A step by step guide to calculate your customers’ Lifetime Value using clustering

Posted 2 years ago by Dmitry Klymenko

10 Minute(s) to read

The best marketing strategy is to maintain customers who are profitable and remain loyal for a Lifetime. In order to obtain and maintain these customers, we need to measure an important metric that is called customer lifetime value. Calculating lifetime value has had lots of applications such as performance measurement, targeting customers, marketing resources allocation, product offering, pricing, and customer segmentation.

However, as we explained in our previous article, it is easier said than done and almost everyone is doing it wrong.

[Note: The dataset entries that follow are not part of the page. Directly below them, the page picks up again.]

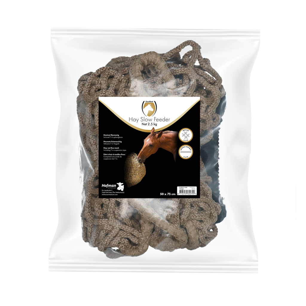 In the wild, horses spend on average twice as much time foraging (searching for food) compared to in a stable. In addition, the horse’s gastrointestinal tract is adapted to constantly eating small bits of roughage such as grass or hay. A slow feeder, such as a hay net, makes the horse eat more slowly and thus mimics a more natural eating behaviour. The constant presence of food has also been shown to give the horse less stress than portion feeding, which is still done at many stables.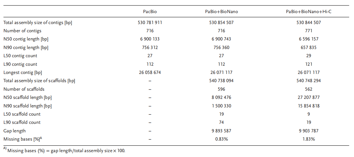 1. 材料:C.×hytivus自交第14代(S14);測序:~69X PacBio+~104X Hi-C+Bionano;轉錄組輔助基因預測:Illumina RNA-Seq 及 PacBio Iso-Seq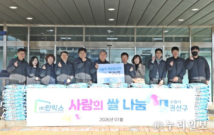 (누리일보) 수원시 권선구는 21일 ㈜인익스에서 설 명절을 맞이하여 후원한 백미(10kg) 100포에 대한 전달식을 진행했다.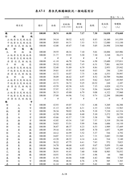 平 地 原 住 民 族 地 區 100.00 38.03 44.71 7.53 9.73 12,880 113,150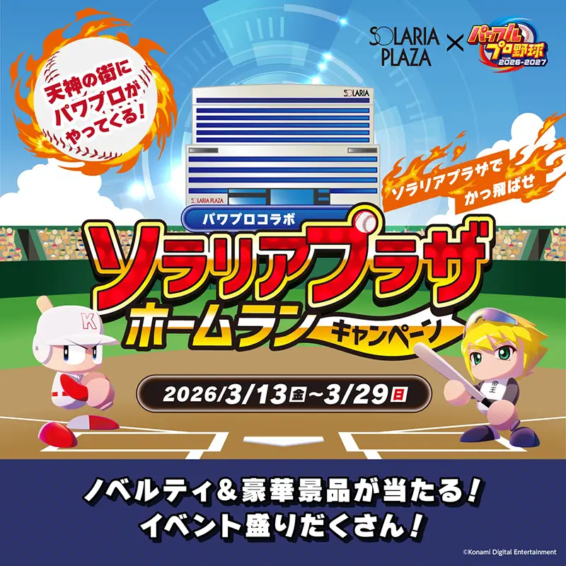 西日本鉄道株式会社が運営するソラリアプラザにて、2026年3月13日(金)~29日(日)の期間、KONAMIの人気野球ゲーム「パワフルプロ野球」とコラボレーション企画「ソラリアプラザ ホームランキャンペーン」が開催。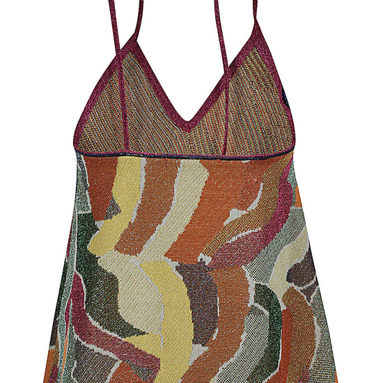 Top with lurex jacquard pattern. thin straps, flared at the bottom. regular fit, hip length. canotta printed top size and fit - this piece fits true to size. we recommend you get your regular size. model is 1,75m / 5ft 8in wearing size 40 (it)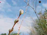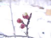 小川に咲いたふきのとう、そよ風に揺れる猫柳に続き、今週は、梅のつぼみがほころび始めました。梅の木は家の裏にあります。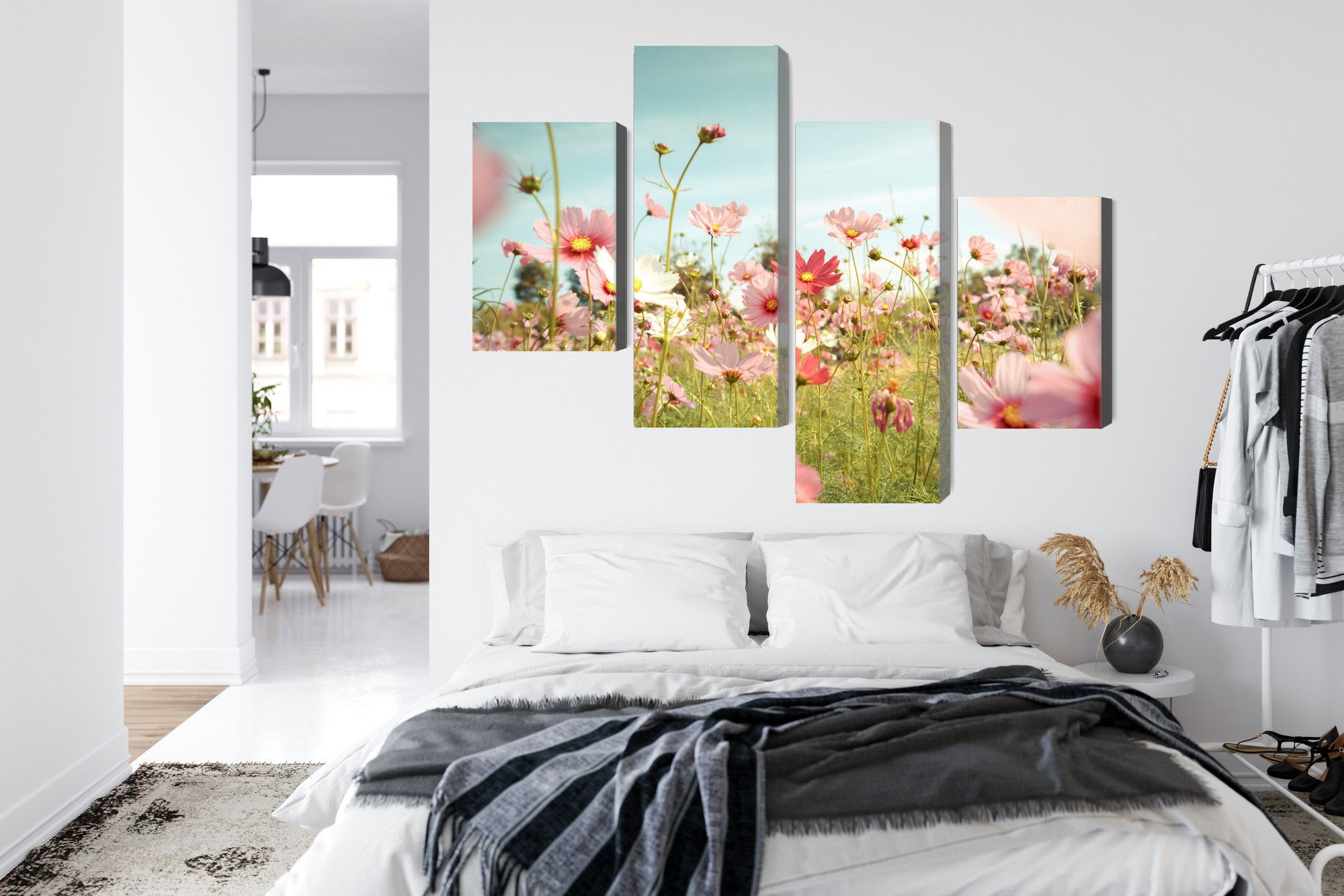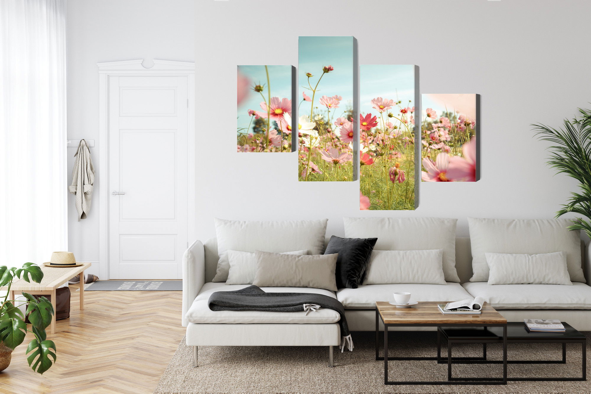Varje tavla monteras på en massiv fururam. Format upp till 70×50 cm har en ram på 15 mm, medan format från 90×60 cm och uppåt har en ram på 20 mm. Den exakta dukspänningen gör att tavlan håller sin form över tid. Motivet Cosmos flowers in the garden trycks runt hela ramen vilket ger ett stilrent galleriuttryck där tavlan är lika vacker från sidan som framifrån. Kombinationen av rak dukspänning, rena linjer och korrekt tryck ger en professionell finish.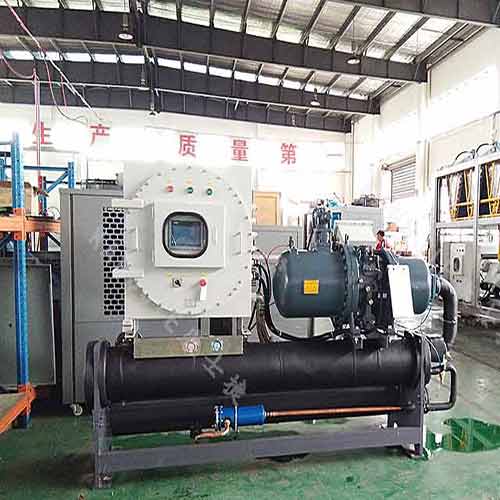 制藥業(yè)控溫用乙二醇螺桿式防爆冷水機(jī)組是以螺桿式壓縮機(jī)提供動(dòng)力的低溫控溫設(shè)備,用于易燃易爆場(chǎng)所。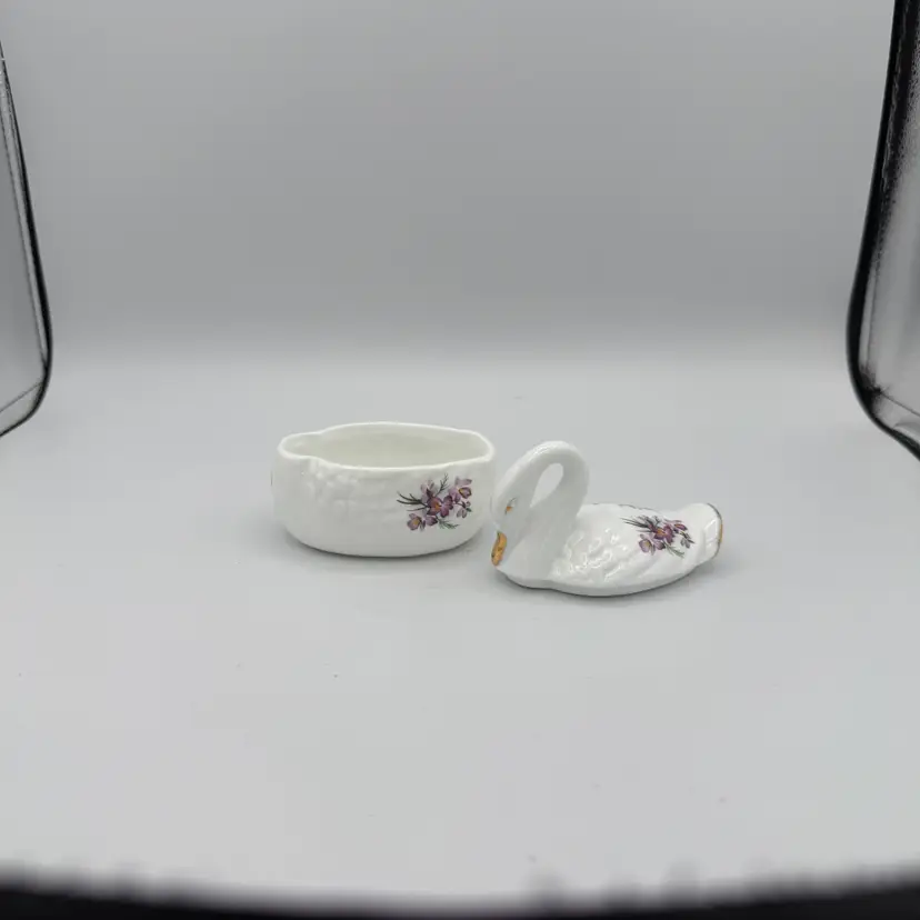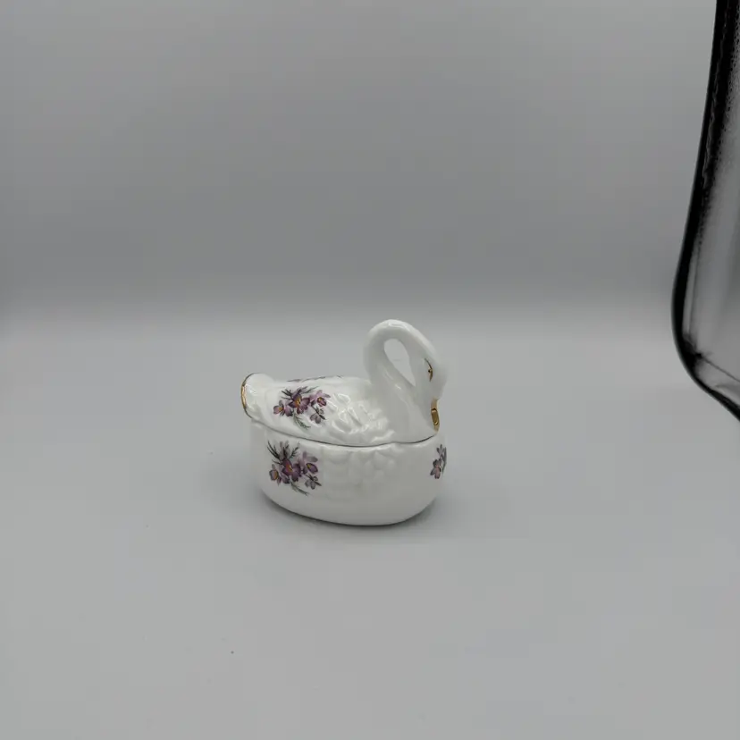 Vintage Lefton Swan Trinket Box. Hand Painted Porcelain/Bone China Swan Shaped Adorned With Floral Design and Gold Accents. No Chips/Cracks. 3 1/2" Tall X 4" Long.

In order to measure calculate CLV, Gupta et al. described six modelling approaches:

  • RFM Models: Which are models based on Recency, Frequency, and Monetary.
  • Probability Models: Which are models based on Pareto/NBD model and Markov chains.
  • Econometric Models: Which are models based on Pareto/NBD in conjunction with some factors such as customer acquisition, customer retention, and customer margin and expansion.
  • Persistence Models: Which are models based on modelling the behaviour of its components  Which are acquisition, retention, and cross-selling.
  • Computer Science Models: Which are models based on some theories such as utility theory.
  • Diffusion/Growth Models: Which are models based on customer equity (CE).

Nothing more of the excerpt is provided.